### Your goal
Omit pictures and quote the listing below line by line, from its start through the line that holds "Mexen Carlos lavello".

### Data below
---

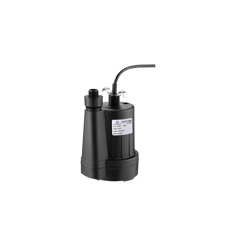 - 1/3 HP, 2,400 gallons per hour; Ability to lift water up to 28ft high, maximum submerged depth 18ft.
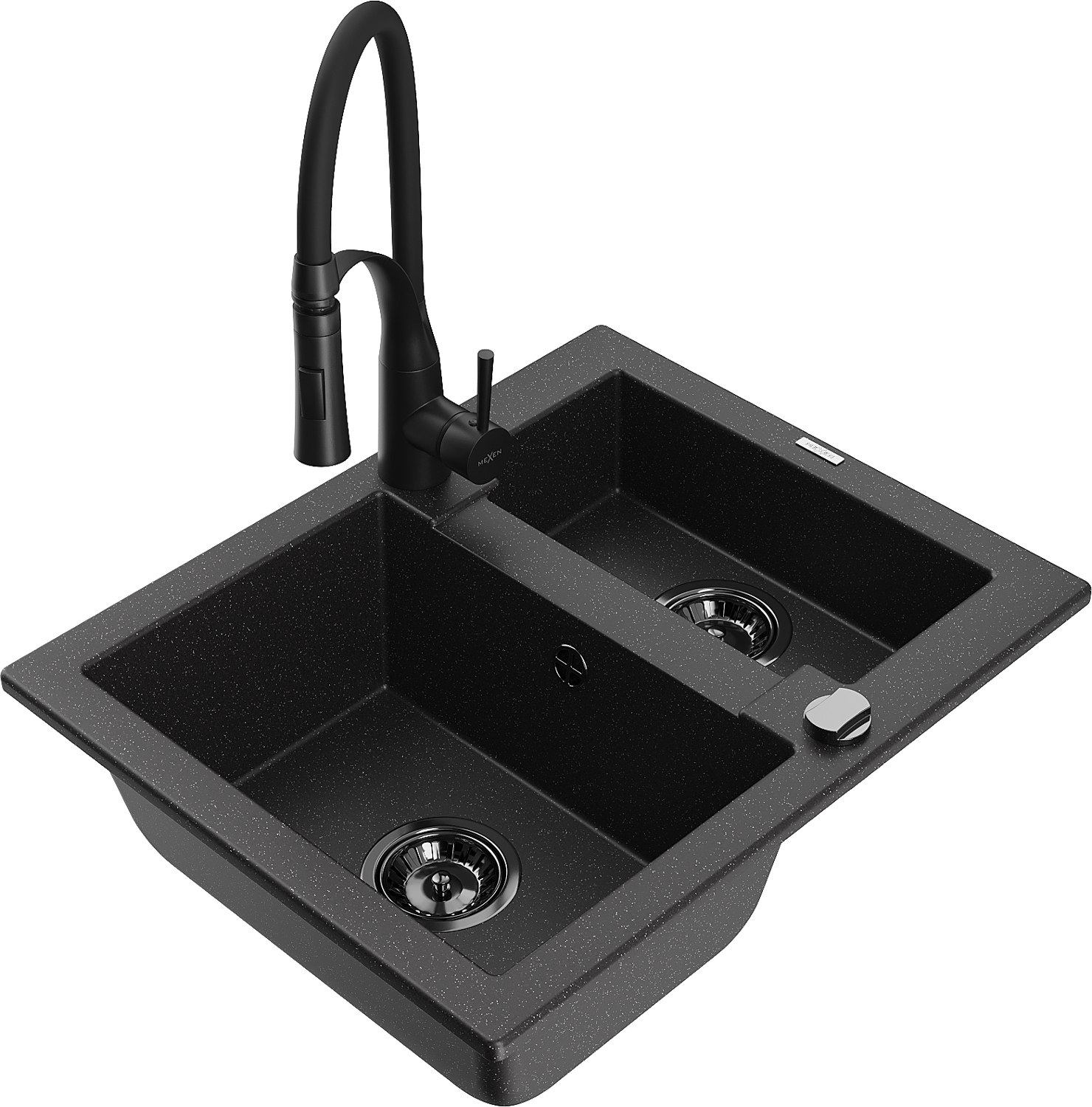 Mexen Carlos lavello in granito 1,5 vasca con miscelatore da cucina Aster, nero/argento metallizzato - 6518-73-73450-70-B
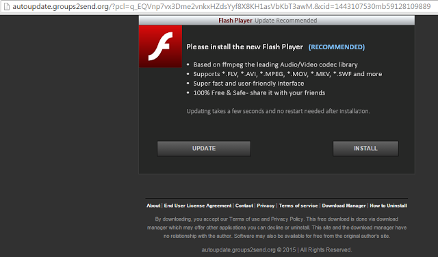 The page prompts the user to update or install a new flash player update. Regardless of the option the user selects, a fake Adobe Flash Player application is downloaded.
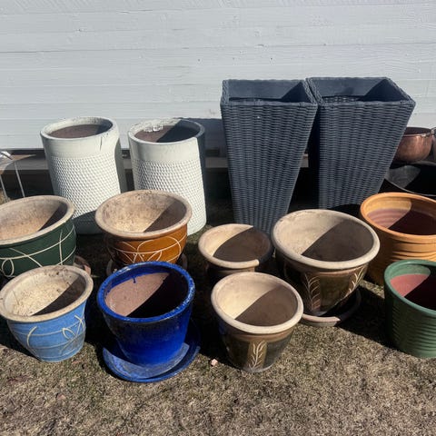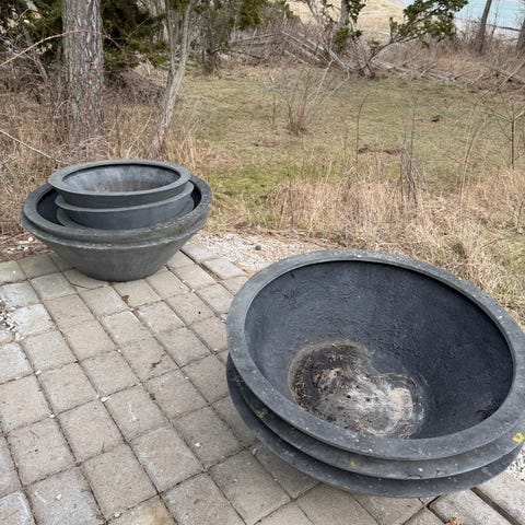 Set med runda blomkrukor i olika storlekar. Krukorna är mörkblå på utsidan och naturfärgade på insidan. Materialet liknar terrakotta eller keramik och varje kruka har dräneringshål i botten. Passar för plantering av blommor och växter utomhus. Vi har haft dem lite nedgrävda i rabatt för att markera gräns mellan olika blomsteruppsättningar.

---

### Solution for this task
 - 1/3 HP, 2,400 gallons per hour; Ability to lift water up to 28ft high, maximum submerged depth 18ft.
 Mexen Carlos lavello in granito 1,5 vasca con miscelatore da cucina Aster, nero/argento metallizzato - 6518-73-73450-70-B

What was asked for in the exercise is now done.